Health Check
The health check collector can regularly monitor the health of processes and networks (such as TCP and HTTP) of the main computer. If it doesn't meet the health requirements, DataKit will collect corresponding information and report the metric data.
Configuration¶
Collector Configuration¶
Go to the conf.d/host
directory under the DataKit installation directory, copy host_healthcheck.conf.sample
and name it host_healthcheck.conf
. Examples are as follows:
[[inputs.host_healthcheck]]
## Collect interval
interval = "1m"
## Check process
[[inputs.host_healthcheck.process]]
# Process filtering based on process name
names = ["nginx", "mysql"]
# Process filtering based on regular expression
# names_regex = [ "my_process_.*" ]
# Process filtering based on cmd line
# cmd_lines = ["nginx", "mysql"]
# Process filtering based on regular expression
# cmd_lines_regex = [ "my_args_.*" ]
## Process minimal run time
# Only check the process when the running time of the process is greater than min_run_time
min_run_time = "10m"
## Check TCP
# [[inputs.host_healthcheck.tcp]]
## Host and port
# host_ports = ["10.100.1.2:3369", "192.168.1.2:6379"]
## TCP timeout
# connection_timeout = "3s"
## Check HTTP
# [[inputs.host_healthcheck.http]]
## HTTP urls
# http_urls = [ "http://127.0.0.1:8000/path/to/api?arg1=x&arg2=y" ]
## HTTP method
# method = "GET"
## Expected response status code
# expect_status = 200
## HTTP timeout
# timeout = "30s"
## Ignore tls validation
# ignore_insecure_tls = false
## HTTP headers
# [inputs.host_healthcheck.http.headers]
# Header1 = "header-value-1"
# Hedaer2 = "header-value-2"
## Extra tags
[inputs.host_healthcheck.tags]
# some_tag = "some_value"
# more_tag = "some_other_value"
# ...
Once configured, restart DataKit.
Can be turned on by ConfigMap Injection Collector Configuration or Config ENV_DATAKIT_INPUTS .

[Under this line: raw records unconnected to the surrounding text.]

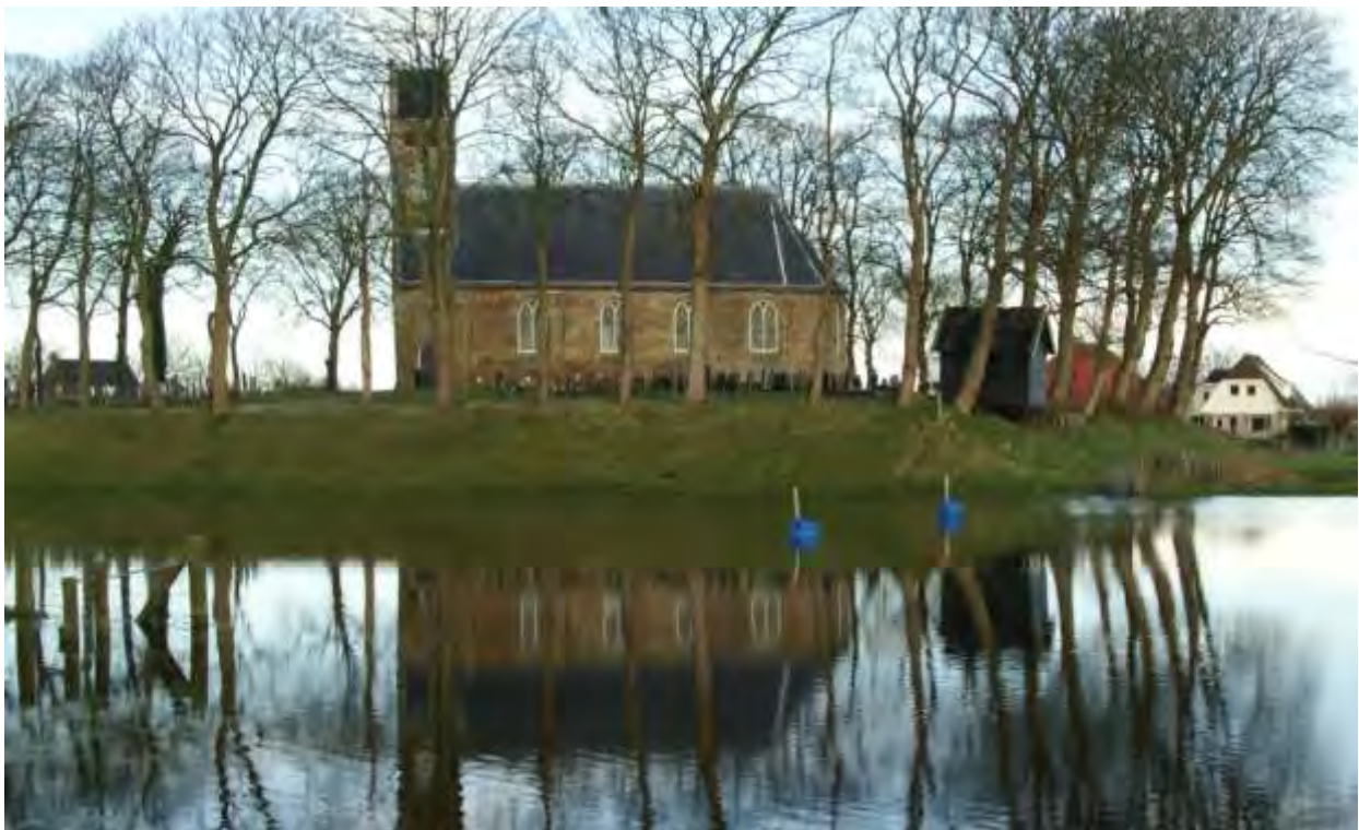
Hervormde kerk, Hijum
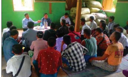
အဆိုပါ ကိုးအိမ်တန်းကျေးရွာ အုပ်စုတွင် သမဝါယမအသင်းသား ပိုင် လယ်မြေဧက ၂၅၂၆ ဧကရှိပြီး Gw-111 အောင်နိုင်တိုး၊ ဆင်းသု၊ အထွက်တိုးစပါးများနှင့် ပေါဆန်း ကြီးအုပ်စုစပါးများ စိုက်ပျိုးကြ ကြောင်း သိရသည်။
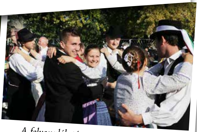
A felvonulók táncra perdülnek a Béke téren.
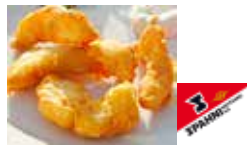
Eglifilet-Knusperli im Bierteig

Art.-Nr. 17140 Inhalt 1 × 5 kg pro kg/Karton 12.90/64.50
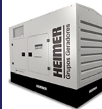
Gerador Cabinado com insonorização.
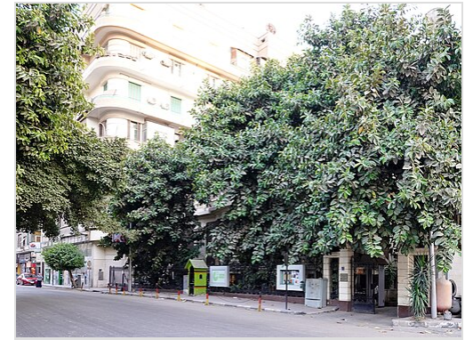
Goethe-Institut in Kairo
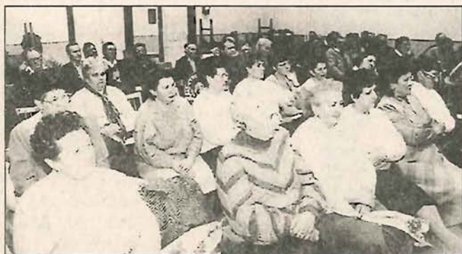
Az Endrői Gazdakör nőnapj gyűlésén
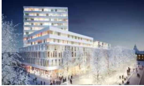
Illustration: White arkitekter
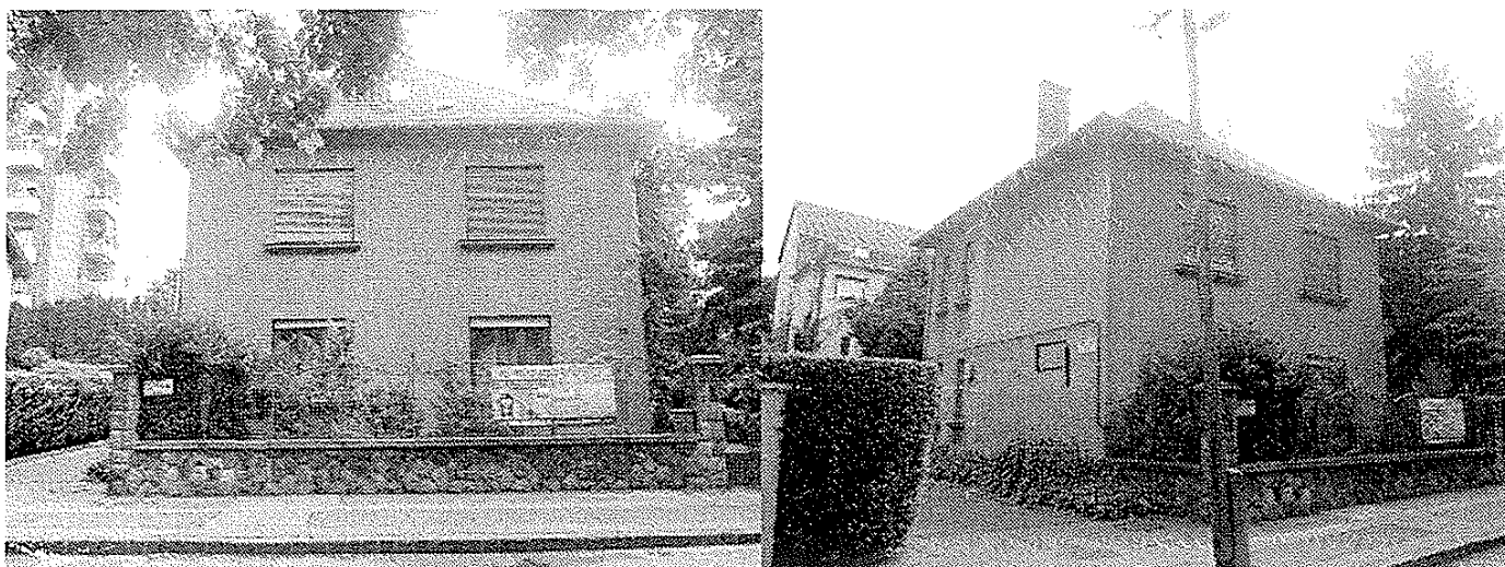
Liszt F. sétány 15.

Az emléktábla a Liszt Ferenc sétány 15. számú ház falán kerülne kihelyezésre az alábbi fotó alapján, a közterületek elnevezéséről, azok jelöléséről és a házszámozás rendjéről, valamint egyéb elnevezésekről szóló 46/2012. (XI.23.) számú önkormányzati rendelet 7. számú függelékében foglalt ajánlásnak megfelelően.
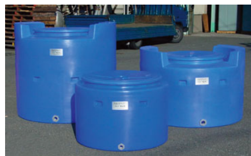
活魚コンテナ(集合)
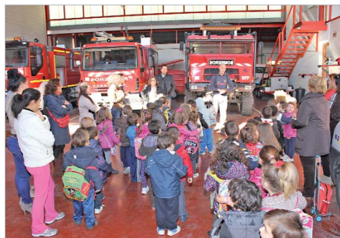
Los niños y niñas disfrutaron del trabajo de los bomberos locales.
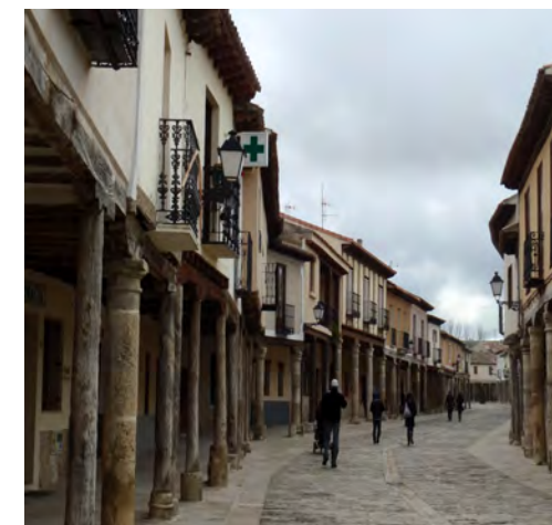
CALLE TÍPICA DE AMPUDIA

que la localidad propiamente fue fundada por los conquistadores romanos hacia el siglo II o I a. c. dándole el nombre de Fons Putida.
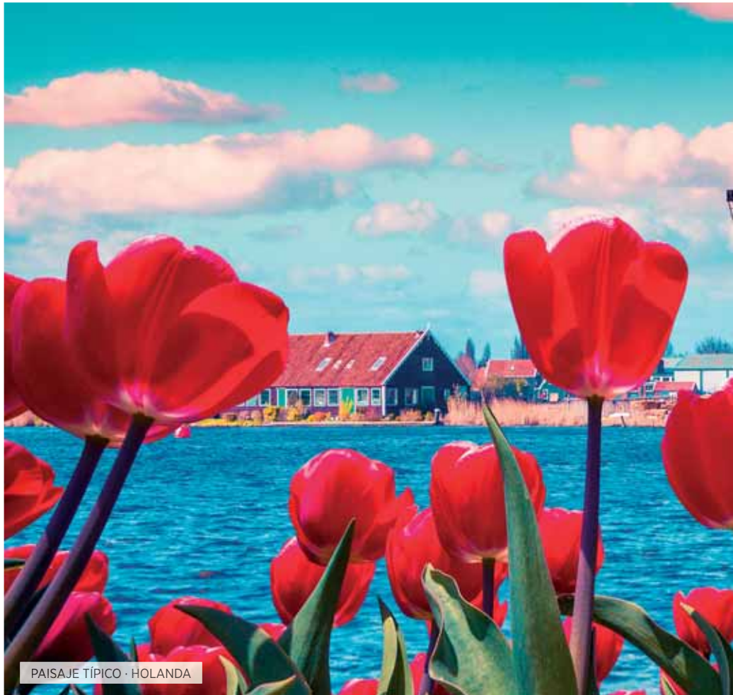
PAISAJE TÍPICO · HOLANDA

Salida de la ciudad de origen en avión hacia Europa.
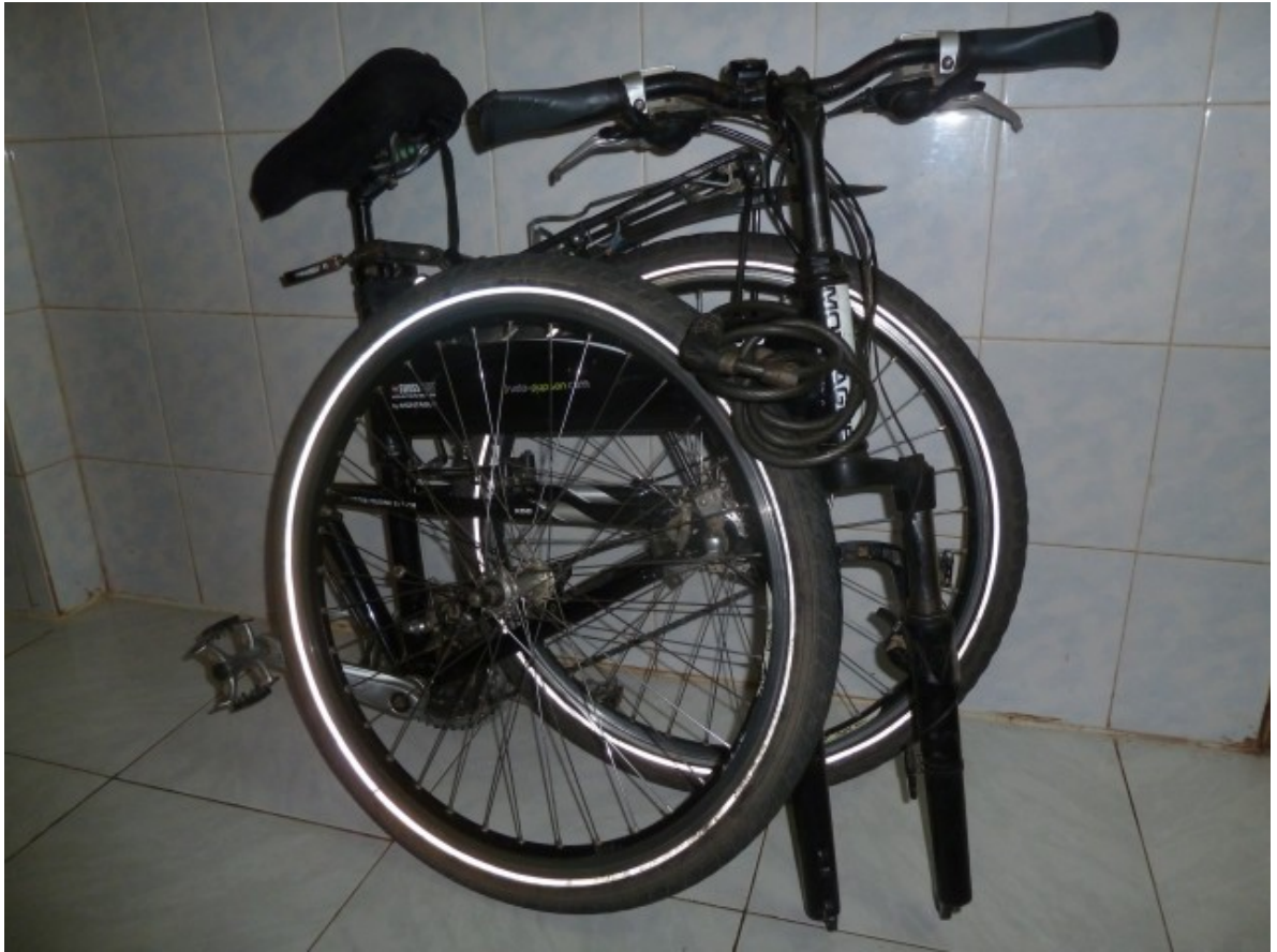
Un vélo en berne

Le 18, je ne ressens plus de douleurs dans les genoux en marchant, je tente donc une sortie vers Angkor. Comme il paraît que camper est dangereux, je commence à me chercher un petit coin de forêt à l'abri des flics et autres malfaisants quand un chauffeur de tuk-tuk voyant mon entêtement à dormir dans la forêt, me rappelle (il m'avait conseillé de retourner en ville dans une auberge), et m'invite à passer la nuit chez lui, avec tout le reste de la famille. Une dizaine de personnes, une moyenne d'âge de 15 ans environ. Une jeune fille que je prends pour sa soeur de 13 ans commence à donner le sein au gamin de 9 mois. Euh... quel âge a ta femme? « 18 ans, c'est jeune hein? » Ouais c'est jeune mais bon ça va... je suis quand même rassuré.
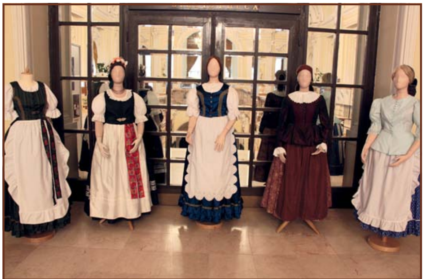
Jász viselet kiállítás a Mezőgazdasági Múzeumban
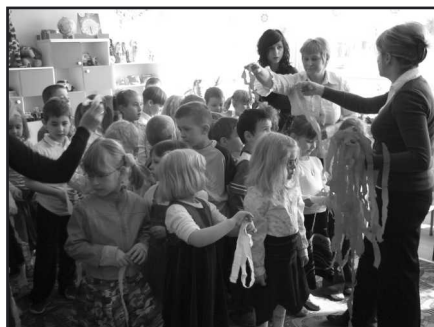
Przedszkolaki oraz maluchy z „zerówki” na spotkaniu w Tumlinie

wane przez wicewojewodę i jego pracownice upominkami w postaci książeczek o patriotycznej treści oraz zestawami edukacyjnymi. Ta lekcja patriotycznego wychowania na pewno pozostanie na długo w pamięci najmłodszych uczniów i przedszkolaków ze szkoły w Tumlinie. (Kos.)
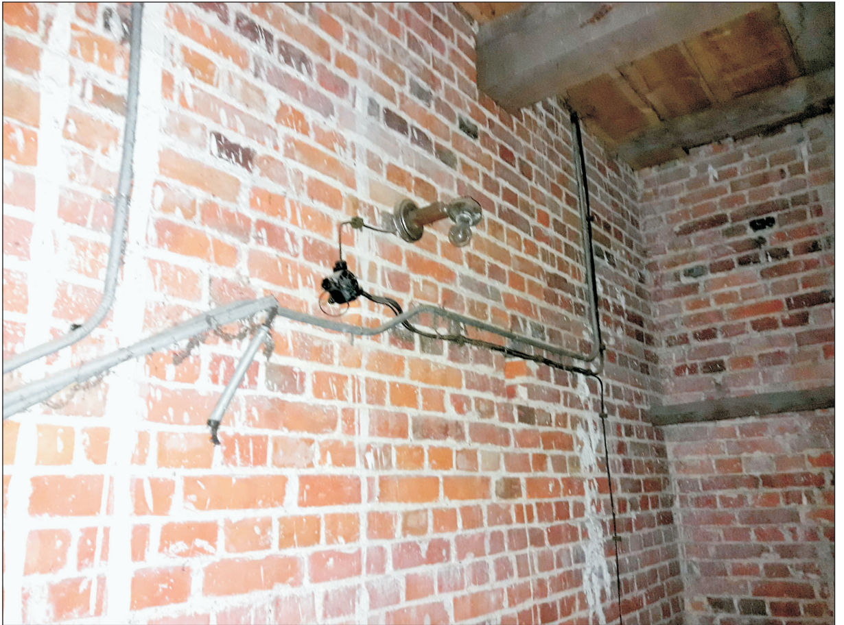
INSTALACJA ELEKTR. W POMIESZCZENIU NAD ZAKRYSTIĄ.
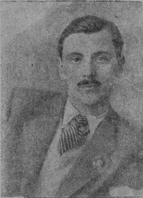
Куратовской юбилейной пленум вылын участник, поэт-орденоносец Сергей Михалков (Москва).

славной представительяс непобедимой Рабоче-Крестьянской Красной Армия радьясын тышкасьоны финской трудовой народ шуд всна, свобода всна. ( Аплодисментъяс ).
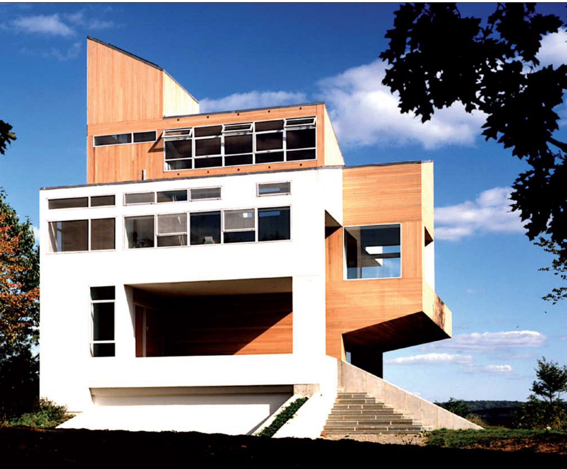
Nahoře: Vertikální a horizontální linie Patricia Lane House postavené v roce 1998 v Clinton Corners prořezávají okolí a umožňují neobvyklé výhledy ze všech stran domu.
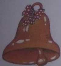
КОЛОКОЛЬЧИК ЗВЕНИТ: И-И-И!
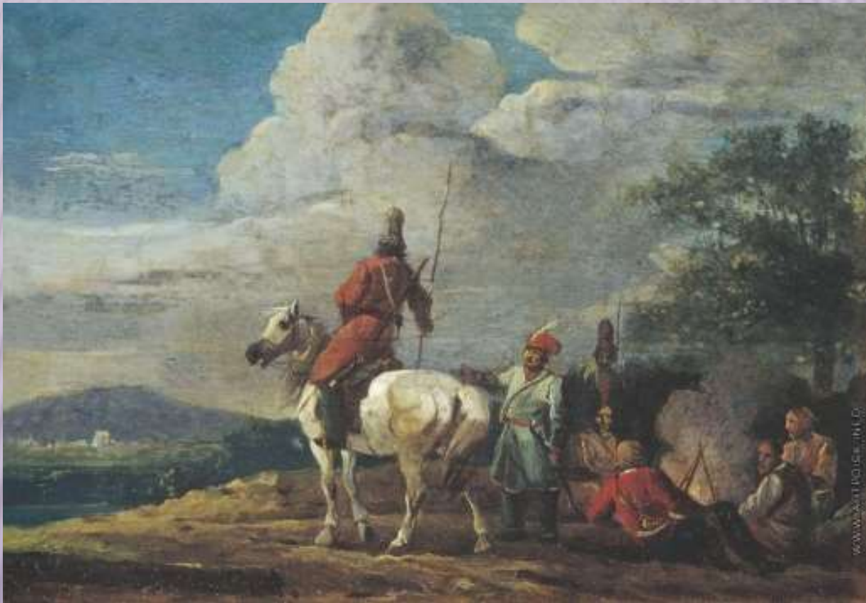
Ночной бивуак казаков.1809.

В 1809 г. за картину "Ночной бивуак казаков" Орловский получил звание академика батальной живописи "как знаменитый художник, труды которого давно известны Академии".
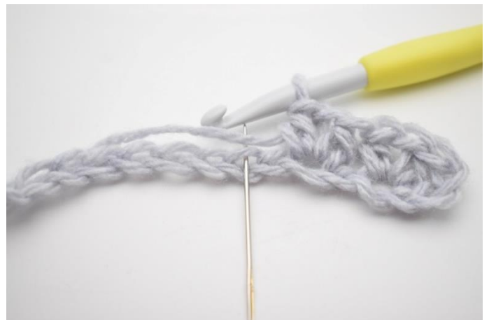
6. Spring 1 lm over.
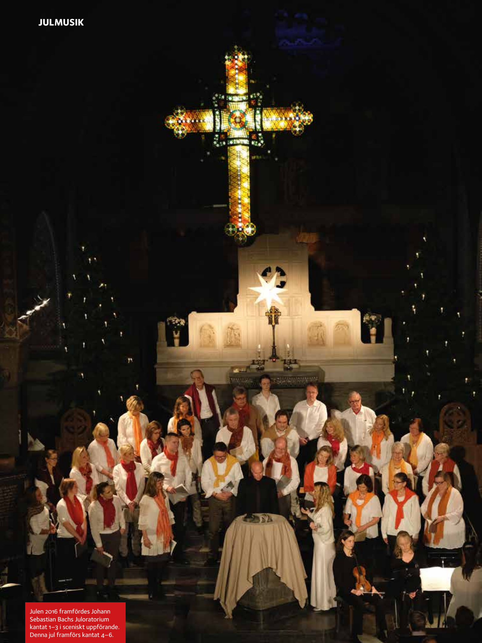
Julen 2016 framfördes Johann Sebastian Bachs Juloratorium kantat 1–3 i sceniskt uppförande. Denna jul framförs kantat 4–6.
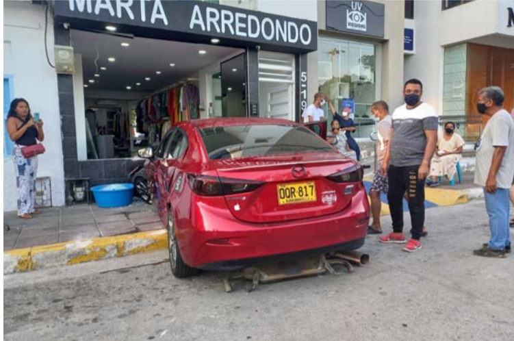
El automóvil involucrado en el accidente en el almacén es de color rojo y placas OQR-817 de Barranquilla.

“Tratamos de dar con el paradero del conductor de este vehículo que generó daños en un establecimien-
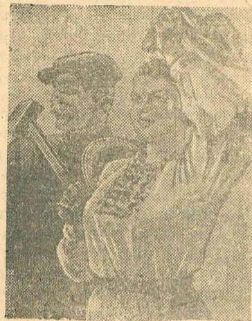
Красной Армии-победительнице—ЧЕСТЬ и СЛАВА! Рисунок художника В. Иванова.
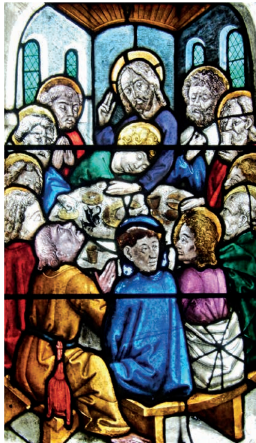
Abendmahlsdarstellung im Chor der Klosterkirche St. Walburga in Walbourg / Elsass

Ich stelle mir diesen Augenblick oft vor. Ich sehe Jesus vor mir, wie er das gebrochene Brot zwischen sich und seine Jünger hält und dabei diese Worte spricht. Ich stelle mir vor, wie alle erstaunt und erschrocken auf dieses Brot schauen. Sie hatten ja mitbekommen, wie im Lande die Stimmung gegen ihren Meister umgeschlagen war. Manche hatten seine dunklen Andeutungen von einem Kelch und einer
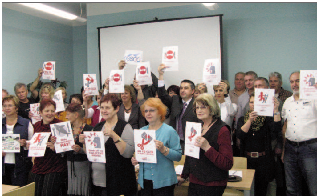
Účastníci jednání podpořili kampaň Evropské federace odborových svazů veřejných služeb NE úsporám

všech základních organizacích zajistit jejich správné označení a sounáležitost s OS SOO (správné názvy, otisky razítek, sídla zaměstnavatelů, identifikační čísla
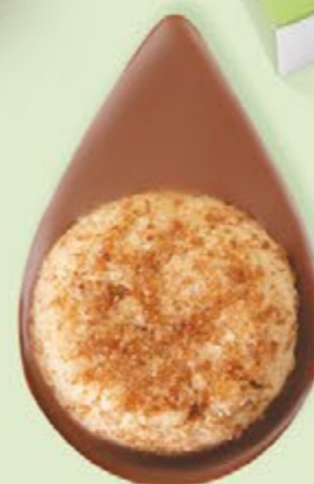
BISCUIT NOISETTES Chocolat au lait 35% de cacao
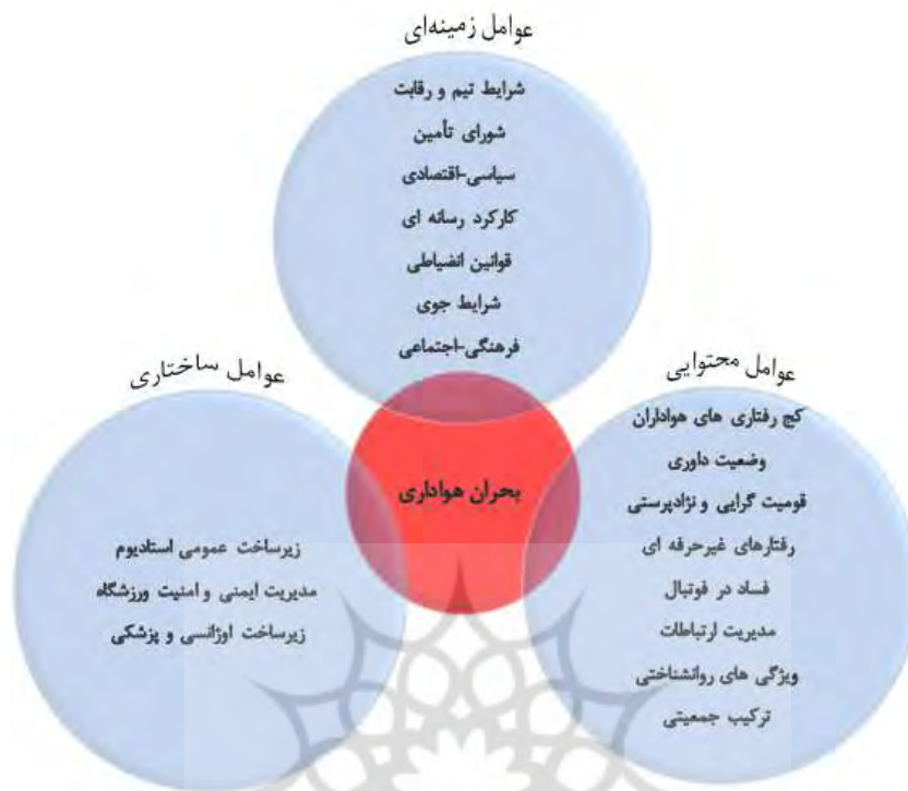
شکل ۱. مدل سه شاخگی عوامل مؤثر بر بحران

همان طور که در مدل پژوهش (شکل ۱) نیز قابل مشاهده است، از بین ۱۸ مقوله فرعی مؤثر بر بحران هواداری، ۳ مقوله در شاخه ساختاری، ۸ مقوله در شاخه محتوایی و ۷ مقوله در شاخه زمینه‌ای قرار گرفتند. در ادامه نیز مقوله‌های مربوط به هر شاخه با روش تحلیل سلسله‌مراتبی اولویت‌بندی شده است.

Can also be turned on by environment variables, (needs to be added as the default collector in ENV_DEFAULT_ENABLED_INPUTS):
-
ENV_INPUT_HEALTHCHECK_INTERVAL
Collect interval
Type: Duration
input.conf:
interval
Default: 10s
-
ENV_INPUT_HEALTHCHECK_PROCESS
Check process
Type: JSON
input.conf:
process
Example: [{"names":["nginx","mysql"],"min_run_time":"10m"}]
-
ENV_INPUT_HEALTHCHECK_TCP
Check TCP
Type: JSON
input.conf:
tcp
Example: [{"host_ports":["10.100.1.2:3369","192.168.1.2:6379"],"connection_timeout":"3s"}]
-
ENV_INPUT_HEALTHCHECK_HTTP
Check HTTP
Type: JSON
input.conf:
http
Example: [{"http_urls":["http://local-ip:port/path/to/api?arg1=x&arg2=y"],"method":"GET","expect_status":200,"timeout":"30s","ignore_insecure_tls":false,"headers":{"Header1":"header-value-1","Hedaer2":"header-value-2"}}]
-
ENV_INPUT_HEALTHCHECK_TAGS
Customize tags. If there is a tag with the same name in the configuration file, it will be overwritten
Type: JSON
input.conf:
tags
Example: {"some_tag":"some_value","more_tag":"some_other_value"}
Metric¶
For all of the following data collections, a global tag named host
is appended by default (the tag value is the host name of the DataKit), or other tags can be specified in the configuration by [inputs.host_healthcheck.tags]
:
host_process_exception
¶
- tag
Tag | Description |
---|---|
cmd_line |
The command line of the process |
host |
System hostname |
process |
The name of the process |
type |
The type of the exception |
- field list
Metric | Description | Type | Unit |
---|---|---|---|
exception |
Exception value, 1 or 0 | int | - |
pid |
The process ID | int | int |
start_duration |
The total time the process has run | int | μs |
host_tcp_exception
¶
- tag
Tag | Description |
---|---|
host |
System hostname |
port |
The port |
type |
The type of the exception |
- field list
Metric | Description | Type | Unit |
---|---|---|---|
exception |
Exception value, 1 or 0 | int | - |
host_http_exception
¶
- tag
Tag | Description |
---|---|
error |
The error message |
host |
System hostname |
url |
The URL |
- field list
Metric | Description | Type | Unit |
---|---|---|---|
exception |
Exception value, 1 or 0 | int | - |